Calling; a strange and difficult concept to explain. An idea, that as human beings, we have some kind of role that we were meant to fulfil. This could be a job, a relationship, a decision to emigrate. When people ask me why I went into ministry, I will sometimes answer ‘because God called me’.
When I was working out if ministry was the right thing, someone told me that ‘if I could do anything else, I should’. At the time, I thought this was a strange. I had not long finished university and could have pursued any number of options.
So I started my ministerial training and went forward for ordination. An odd process where you spend half a day with a room full of people trying to convince them that you should be a minister. I got turned down. I was told I clearly had a call to ministry but they weren’t sure if it was as a Baptist. I continued my training and had to endure those who questioned my ability, my right and my call because I was a woman. Perhaps I had a ‘similar but different’ call to the men who attended the college. Had I really ‘heard God’? I am skilled, I have a critical mind, I am perceptive, I think outside the box and I’m good at what I do but that didn’t matter. I would think back to the words ‘if you can do anything else, you should’. I couldn’t do anything else. I had to do ministry. To pretend I could do any other job wouldn’t work, I had tried other things. It wasn’t that I was incapable of doing anything else, it was just this innate sense that I had to do this.
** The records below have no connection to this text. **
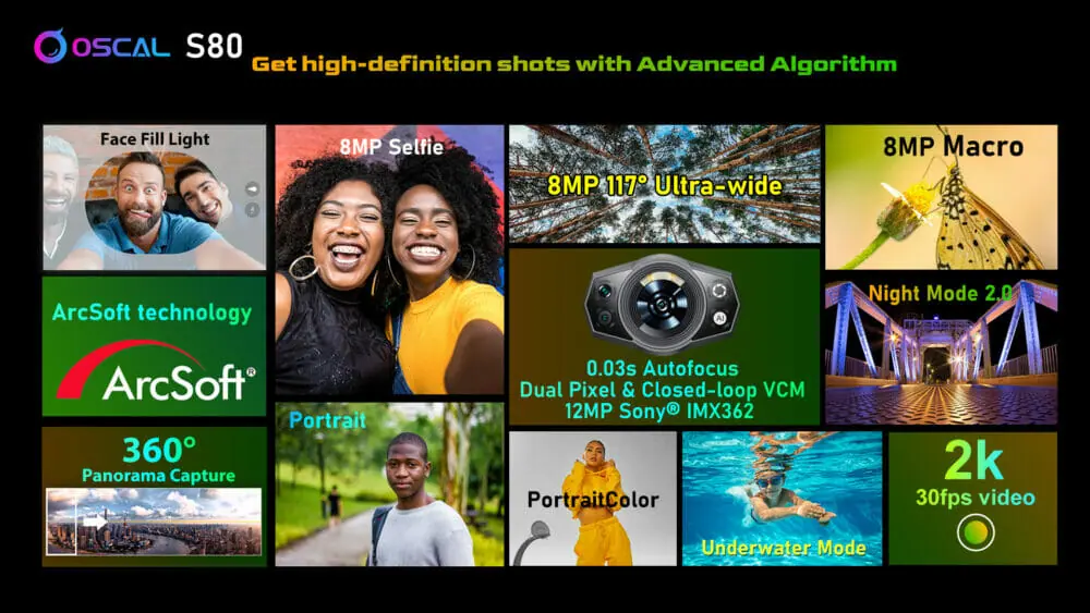 『OSCAL S80』の前面には8MPのフロントカメラを、背面には12MP(メイン)+8MP(超広角)+2MP(深度)カメラを内蔵している。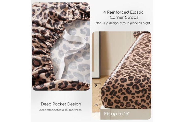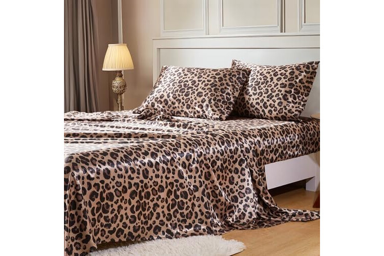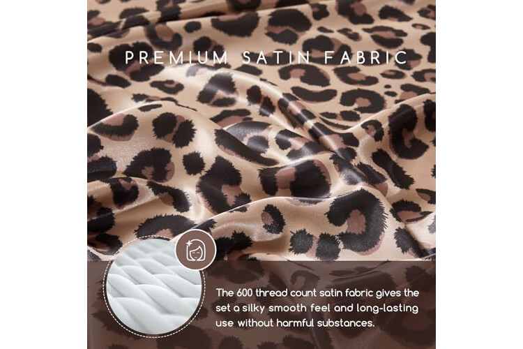 MR&HM Satin Bed Sheets with Elastic Corner Straps, Full Size Sheets Set, 4 Pcs Silky Bedding Set with 15 Inches Deep Pocket for Mattress (Full, Brown Leopard)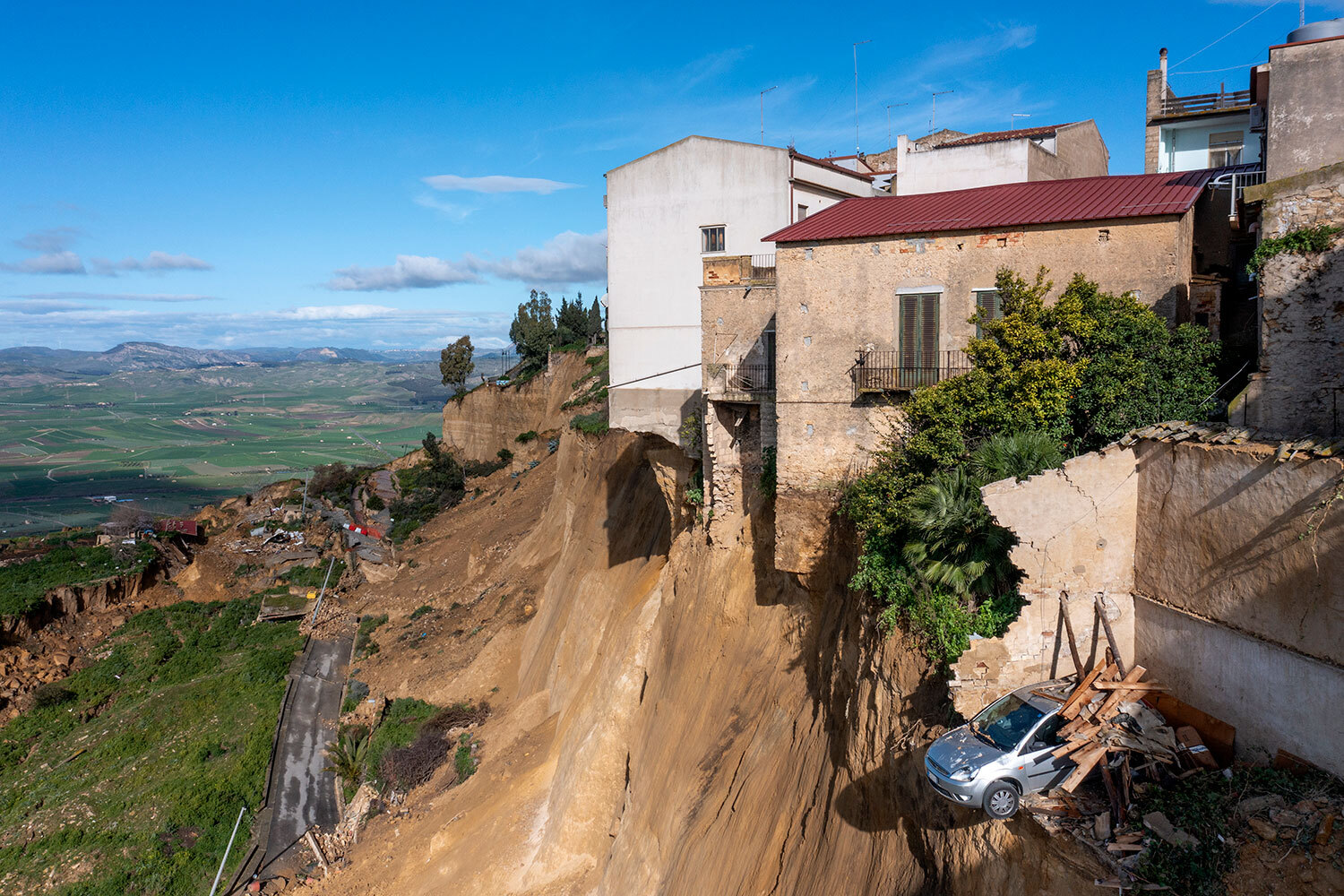 Оползень протяженностью 4 км в сицилийском городе Нишеми, Италия.

3 years passed and those who held the ‘gate keys’ to ordination changed and a more open team was built. I went back through the system and was accepted; the doors opened. I had made it. I was affirmed, called and others thought so too.
Luke also went through this process alongside me. He was questioned, scrutinised and told no. He studied and continued knowing God was calling him to ministry but the doors were not opened. This is not okay. What happens when we are not able to live the way God made us to live?
One of the earlier posts on this site talked about the call to singleness and how only God can ask us to be celibate. It’s not something another human being can put on you. I wonder, if you can be called to singleness, can you be called to be in a relationship, to be married? What about when a relationship ends that deep down we thought was right? When an organisation tells you that you can’t be the thing you know God made you to be, does it mean that feeling will go away? What happens when our own fear or failure gets in the way? How do we live knowing we aren’t in the place, relationship, vocation that we were made for? I couldn’t do anything else but ministry. Being a minister is what I am supposed to be, but if those from my course had had their way, I would be barred because of something I had no control over.
The Church looks at ordination, priesthood, the setting apart of individuals in an unhealthy way. We set it up on this pedestal. For some to be called is to lose their humanity, to be lacquered in a veneer of expectation and perfection that they can neither live up to nor escape from. There is a difference in esteem for those that are called and those that seem not to be called. There is an ‘us and them’ mentality. There is an inconsistency in what we call people to. We ask our leaders to hide their imperfections, to lie about their lives to maintain the illusion, and we open the doors to those who are ill equipped, who have swallowed the lie of what it is to be a minister. So when they hit the first hurdle, they crash into it because they thought this was a straight-forward running race. Yet, we bar the doors to those who consistently show that this is what they are supposed to do and ask them to live unfulfilled.
I sit in my manse thinking about what I would be if I weren’t here. I would be a bird, with her wings clipped unable to leave the branch. I wouldn’t be myself. And as we peer through the window from the outside to those who hold the keys, who maintain their right to decide who is in and who is out, all look suspiciously similar to each other, because apparently, some are more equal than others.